You’re orchestrating agents that direct other agents. Some run sequentially. Others will run in parallel. Documentation is generated automatically and added to the agent's working knowledge base. Tests run continuously alongside agents implementing new code. Integration testing matters. Systems testing matters more. Chaos testing morphs from an abstract concept into a baseline requirement. The code still exists—but it’s no longer written by or for humans. AI slowly takes that over, which makes natural language the newest language you need to learn.

🦄 For the record, developers are most definitely still building and driving solutions. That will never change—we're the mad scientists thinking up wild potions you didn't know you needed! Besides, all the future advancements in the world won't give silicon the ability to invent new things. Humans create. AI helps. Period.


Trust, Then Speed (not the other way around) 🏎️

When something breaks in any of my workflows, I don’t correct the mistake in the code immediately. I start by correcting whatever instruction caused the mistake, and then I rerun it. Even when I’m busy, even when work is chaotic, and especially when I should have left it alone hours ago—I never fully disengage from this. I can’t.

This is exactly why AI doesn’t make you faster—not yet, anyway. Not because it can’t, but because the systems haven’t caught up to where speed actually emerges. If you’re learning to use AI correctly, it almost always makes you slower at first—not faster. The delay isn’t failure. It’s infrastructure lag.

Think of it like an investment. You’re learning how the models behave and how instructions actually align with them. You’re learning where the limits are, and then deliberately making the system work within those constraints. Speed comes later—after you trust that the system returns results that are validated, reviewed, and tested because you built it to behave that way.

AI evolution is a long game, and we’re barely getting started. Right now, it still feels like grade school. We’re teaching it what our world looks like, how we think, and where the boundaries are.

All the work done now—in this awkward middle state—is what makes that learning possible.
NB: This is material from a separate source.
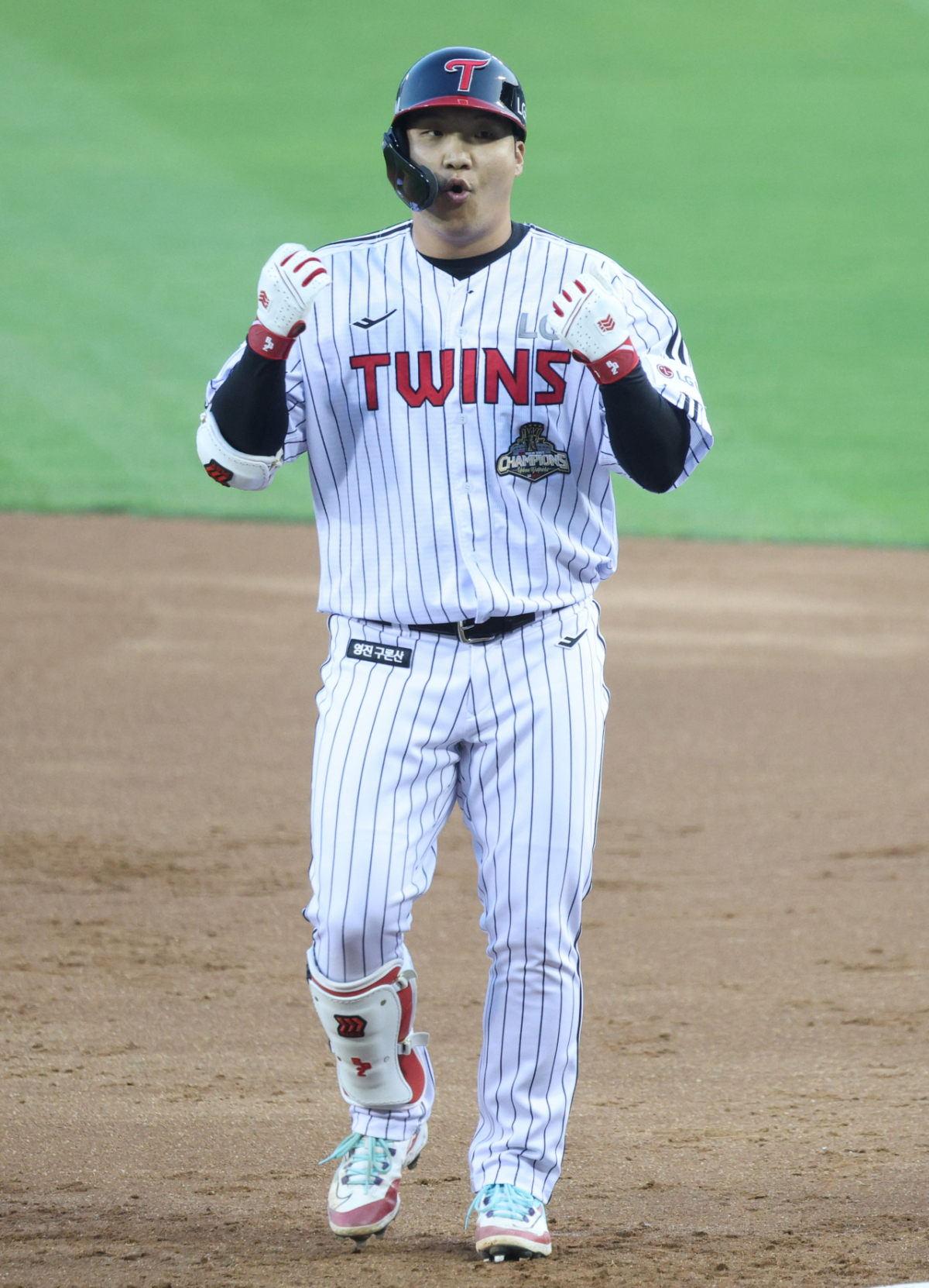 LG 문보경이 1회말 2사 2루에서 선제 1타점 적시타를 날리고 출루한 후 세리머니를 하고 있다.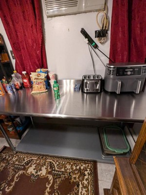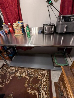 [This review was collected as part of a promotion.] I’ve been using this table in my kitchen for a few weeks, and it's been a solid addition. The 430 stainless steel construction feels durable, and it easily supports heavy kitchen equipment. The surface is smooth and easy to clean, and the table remains stable even with constant use. Assembly was straightforward, and it fits well in a commercial setting. Overall, it's a high-quality work surface that’s built to last.

Long runs of trial-and-error prompts, walls of instructions, documentation that later turns into knowledge bases—that’s the curriculum. And by the time it’s ready to graduate, it won’t just be competent. It’ll be a master. That’s the moment you realize you trust AI—not because it’s autonomous, but because you finally are. 🐉🧚‍♀️


🛡️ I Worked Until It Worked

This post was written by me, with ChatGPT nearby like an overly talkative whiteboard—listening, interrupting, getting corrected, and occasionally making a genuinely good point. We argued about structure, laughed at the mic cutting out at the worst moments, and kept going anyway. The opinions are mine. The fact that it finally worked is the point.